In order to promote a better understanding of failure mechanisms of high-burnup pressurized water reactor (PWR) fuels under reactivity-initiated accident (RIA) conditions, stress biaxiality in cladding has been estimated for the pellet-cladding (PC) mechanical interaction (PCMI) phase. The estimation was based on an analysis of the transient elongations of a pellet stack and a cladding tube measured in RIA-simulating experiments in the nuclear safety research reactor (NSRR) using the RANNS code. Stress biaxiality in the high-burnup PWR fuel cladding during the PCMI phase has been estimated to be 0.7–0.8, on average, at the mid-wall of the cladding. A comparison with fresh fuel test results and a sensitivity analysis showed that the effects of burnup and pulse width on cladding stress biaxiality are less than 10% for the investigated range.

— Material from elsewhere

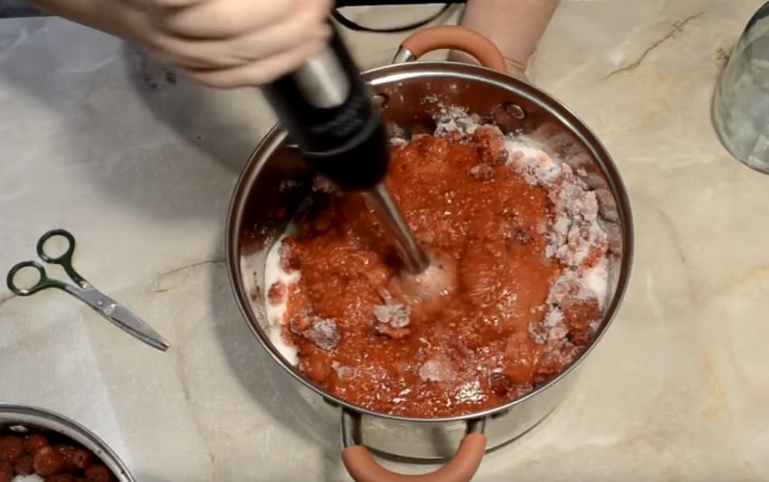 Протирати малину з цукром на варення просто, зайвих зусиль при цьому докладати не потрібно. За часом усі дії займають небагато.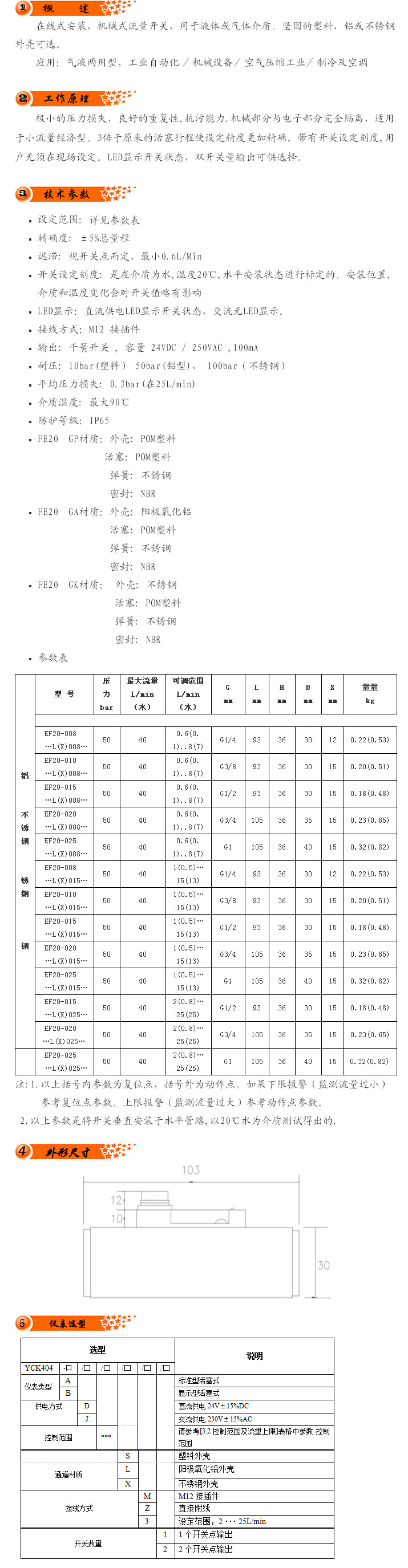 YCK404A,YCK404B,YCK404,活塞式流量開(kāi)關(guān)

The present analysis also indicated that PC friction is strong, and that the cladding constraint on pellet stack elongation is significant irrespective of burnup. Therefore, it is recommended that strong PC friction be assumed, which is similar to the mechanical bonding condition, and that fuel pellets be treated as deformable materials in models of fuel behavior during the PCMI phase.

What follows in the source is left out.